Regardless, the greatest challenge for Boston 2024 is to project the perception to the IOC and the world that Bostonians are on board. Key in gaining the support of Bostonians is the articulation of the short- and long-term benefits derived from hosting this event.
The Walsh administration is correct to back off any effort to infringe on the democratic process before it is a bigger issue, but if it focuses its energies on unambiguously articulating the benefits to the residents of Boston, a referendum in all likelihood would break in favor of hosting. The jobs and revenue generated over the next nine years far exceed any inconvenience the Games might cause. This city has survived a revolution, racial strife, terrorism, and snowstorms. Two weeks of bad traffic we will get over in two weeks.

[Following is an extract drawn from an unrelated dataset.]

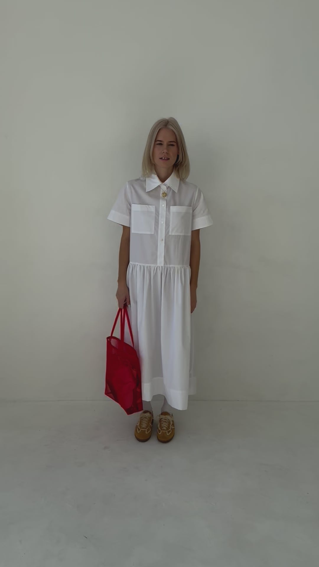 Meet your new go-to dress: this 100% cotton midi features a button-up bodice for that classic, relaxed vibe. With a loose, flowy fit, it’s effortlessly comfy and perfect for those easy-breezy days. For a more tailored look, we recommend sizing down!
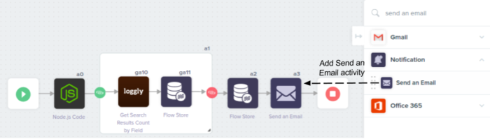 Step 10: Add Send an Email action from the Notification section, and connect it to the Flow Store. Also, connect this action to the stop as this is the final step in this workflow.

There is validity in opponents’ concerns about the lack of transparency prior to submitting the application, but there is also validity to the concern that early indigenous dissention could potentially have placed Boston at a disadvantage compared with the US competitors we wound up besting. That aside, the sooner we can present a unified front, the sooner we can put forth the most viable proposal possible. This could ultimately even deter some global competitors from even submitting applications.It all boils down to one simple question: Will Boston be a better city for hosting the Olympics? Logic and history say yes! For Boston to win an Olympic bid we must have the best welcome mat for the world and Olympic athletes, and that means all hands on deck.
Barry Lawton, a former 24-year veteran honors history teacher in the Boston Public Schools, a community activist, and single parent of 14-year-old twins, lives in Dorchester.